((

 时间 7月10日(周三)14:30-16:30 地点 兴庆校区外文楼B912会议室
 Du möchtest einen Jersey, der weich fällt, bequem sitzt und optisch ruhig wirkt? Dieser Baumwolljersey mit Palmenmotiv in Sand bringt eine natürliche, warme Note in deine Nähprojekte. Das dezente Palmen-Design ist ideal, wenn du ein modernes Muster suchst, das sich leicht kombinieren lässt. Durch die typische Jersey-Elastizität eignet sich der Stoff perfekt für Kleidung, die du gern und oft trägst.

))
((

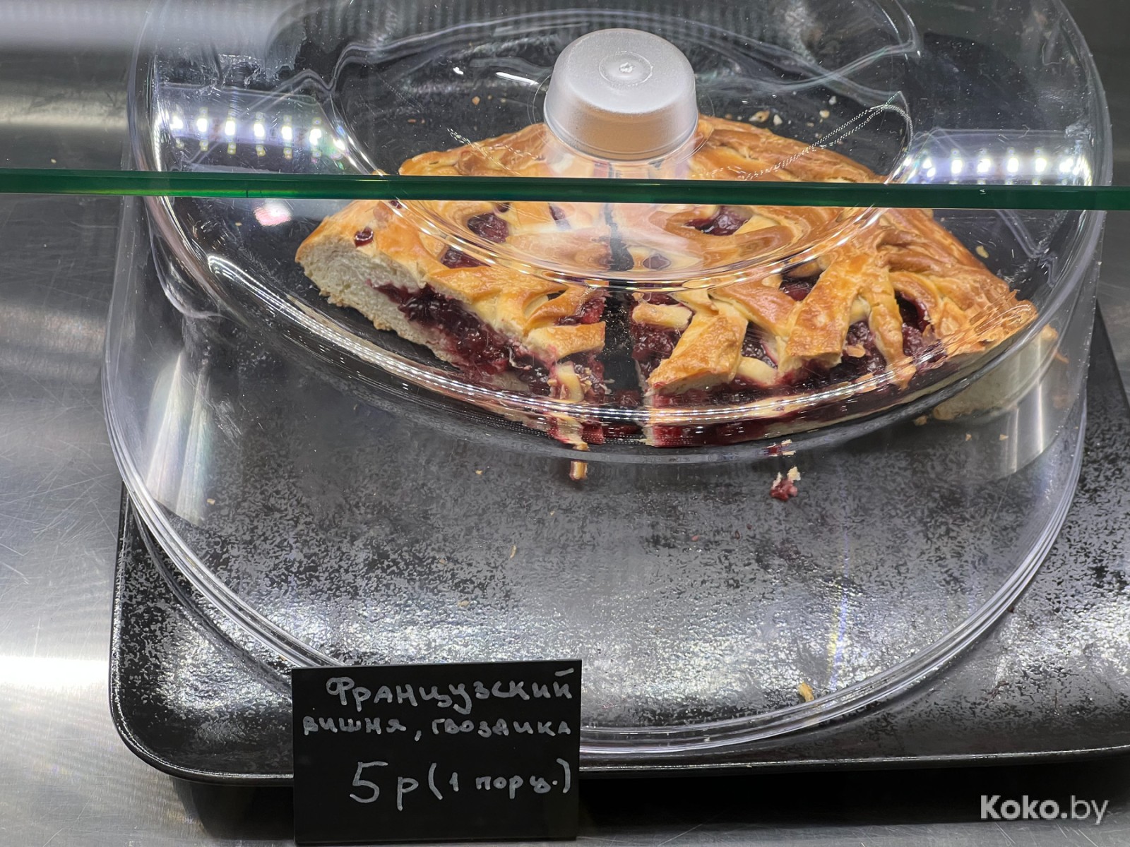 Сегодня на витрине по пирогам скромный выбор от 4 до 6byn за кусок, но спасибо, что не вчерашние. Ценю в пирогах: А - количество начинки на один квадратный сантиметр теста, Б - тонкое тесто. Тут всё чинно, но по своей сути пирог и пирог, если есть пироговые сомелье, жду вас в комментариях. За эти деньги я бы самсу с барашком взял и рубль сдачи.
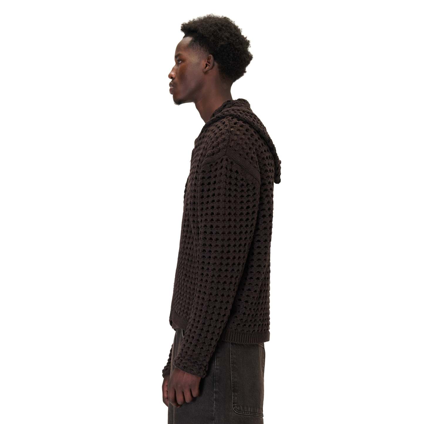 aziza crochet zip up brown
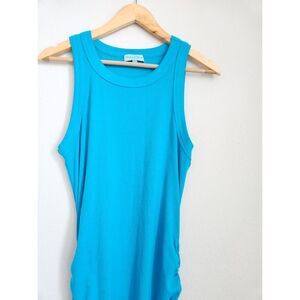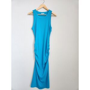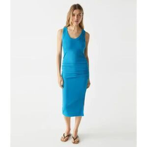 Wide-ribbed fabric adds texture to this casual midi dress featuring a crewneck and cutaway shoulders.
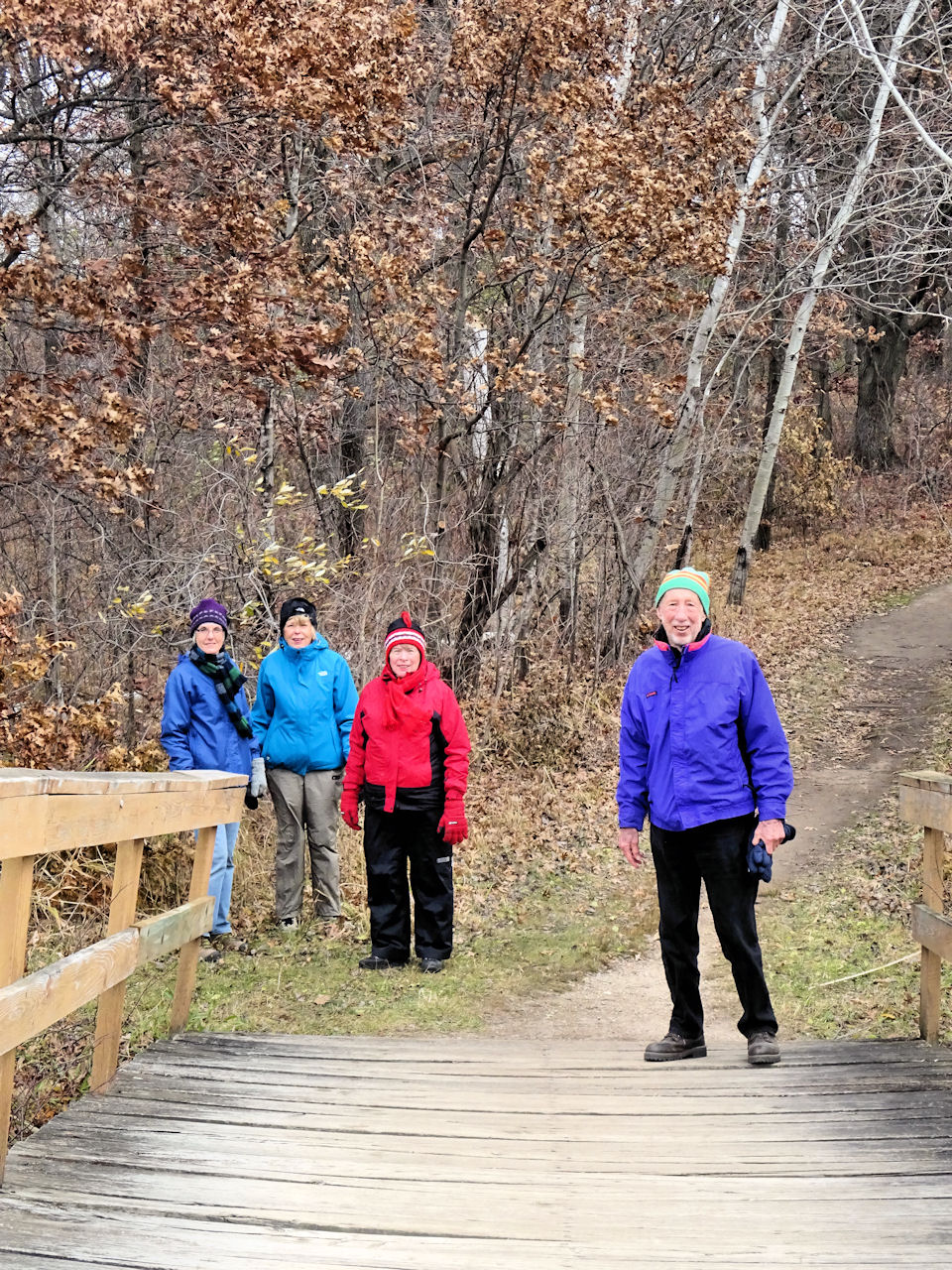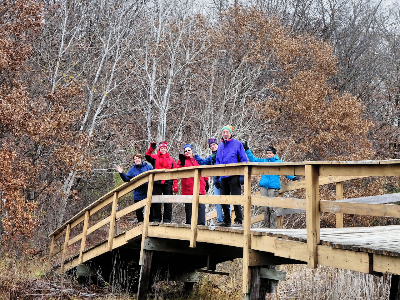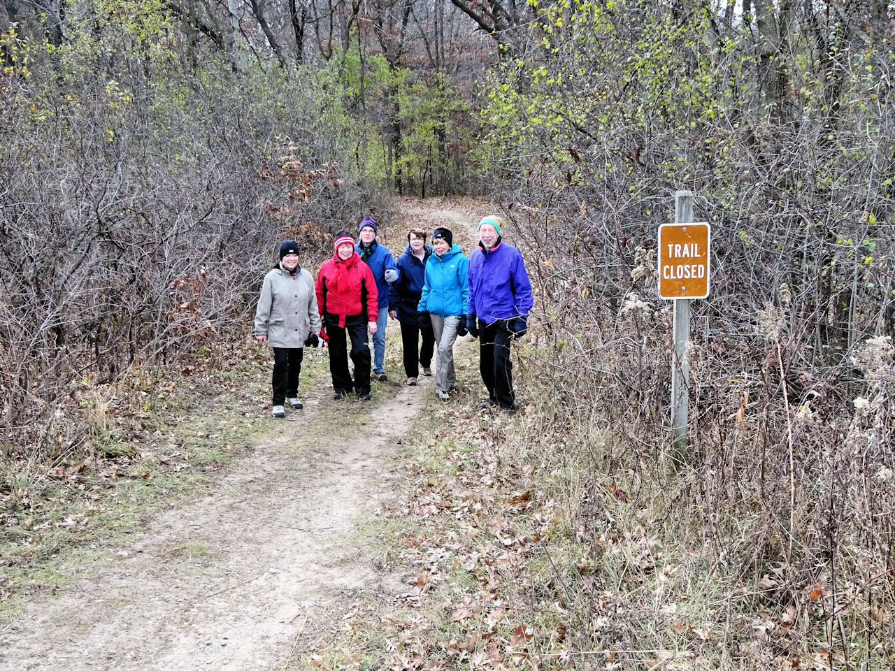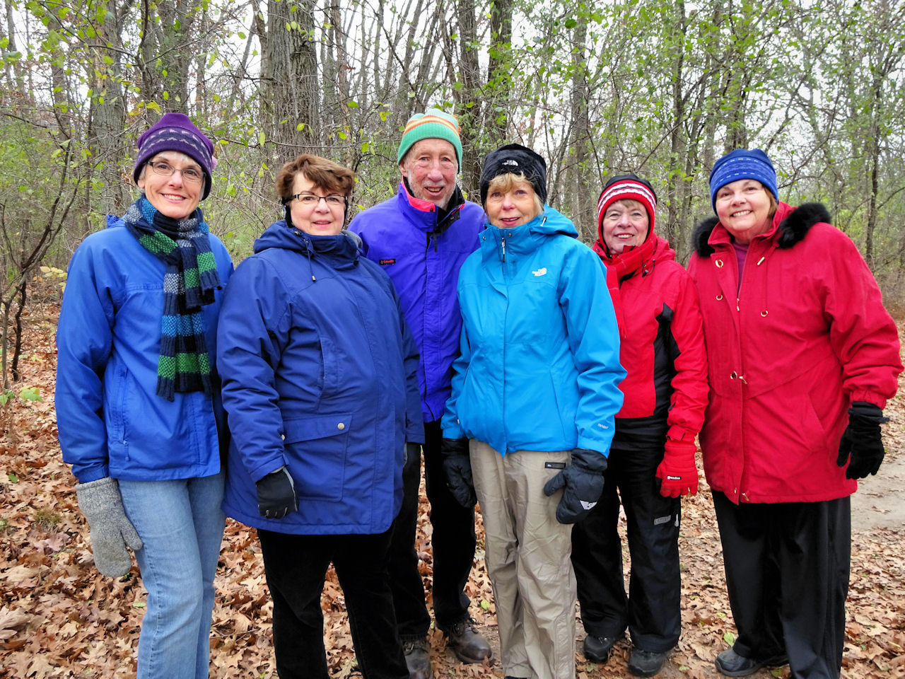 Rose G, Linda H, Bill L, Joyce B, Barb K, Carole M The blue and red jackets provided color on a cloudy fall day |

))
((

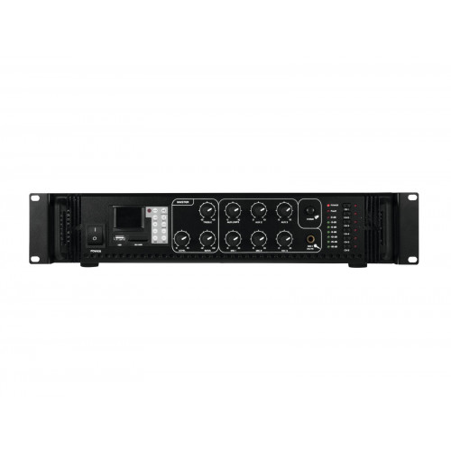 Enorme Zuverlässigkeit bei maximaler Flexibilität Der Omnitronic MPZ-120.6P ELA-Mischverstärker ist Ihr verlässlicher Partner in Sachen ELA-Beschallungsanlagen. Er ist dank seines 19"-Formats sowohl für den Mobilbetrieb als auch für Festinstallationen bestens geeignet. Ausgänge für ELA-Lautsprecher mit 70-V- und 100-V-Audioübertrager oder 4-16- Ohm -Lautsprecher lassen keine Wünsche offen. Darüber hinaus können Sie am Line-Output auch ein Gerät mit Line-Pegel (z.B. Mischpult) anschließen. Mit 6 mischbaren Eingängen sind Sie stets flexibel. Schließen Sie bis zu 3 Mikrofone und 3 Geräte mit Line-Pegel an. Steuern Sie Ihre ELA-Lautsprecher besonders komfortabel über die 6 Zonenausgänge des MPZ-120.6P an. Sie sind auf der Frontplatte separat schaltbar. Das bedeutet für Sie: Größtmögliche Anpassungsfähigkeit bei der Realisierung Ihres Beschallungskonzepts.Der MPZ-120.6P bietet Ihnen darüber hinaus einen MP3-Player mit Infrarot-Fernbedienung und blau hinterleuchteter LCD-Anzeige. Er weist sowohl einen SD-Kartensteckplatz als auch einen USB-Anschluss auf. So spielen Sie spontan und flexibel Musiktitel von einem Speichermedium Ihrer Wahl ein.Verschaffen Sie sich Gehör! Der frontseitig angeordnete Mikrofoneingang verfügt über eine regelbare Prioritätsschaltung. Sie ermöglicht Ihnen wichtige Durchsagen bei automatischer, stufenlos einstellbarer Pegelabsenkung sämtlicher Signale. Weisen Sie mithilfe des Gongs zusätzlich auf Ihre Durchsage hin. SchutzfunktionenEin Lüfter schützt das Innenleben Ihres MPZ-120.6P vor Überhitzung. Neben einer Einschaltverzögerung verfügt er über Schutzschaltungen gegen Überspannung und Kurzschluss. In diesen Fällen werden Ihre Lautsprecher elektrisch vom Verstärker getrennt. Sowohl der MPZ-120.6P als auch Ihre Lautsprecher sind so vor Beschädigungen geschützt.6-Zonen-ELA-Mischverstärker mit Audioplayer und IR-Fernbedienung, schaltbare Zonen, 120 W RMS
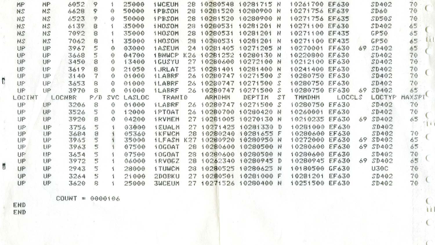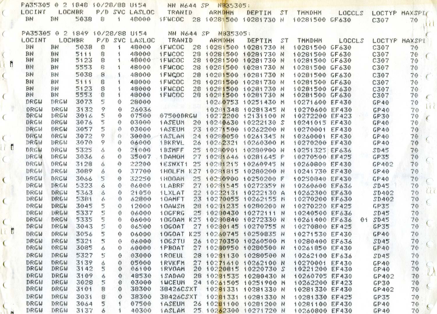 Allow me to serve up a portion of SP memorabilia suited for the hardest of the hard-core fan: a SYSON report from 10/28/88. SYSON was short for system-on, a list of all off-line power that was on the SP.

))

**Task:** Give exactly the lines above that run from the line with "aziza crochet zip up brown" to the line with "Rose G, Linda", both included, leaving every picture out.

**Exercise solution:**
 aziza crochet zip up brown
 Wide-ribbed fabric adds texture to this casual midi dress featuring a crewneck and cutaway shoulders.
 Rose G, Linda H, Bill L, Joyce B, Barb K, Carole M The blue and red jackets provided color on a cloudy fall day |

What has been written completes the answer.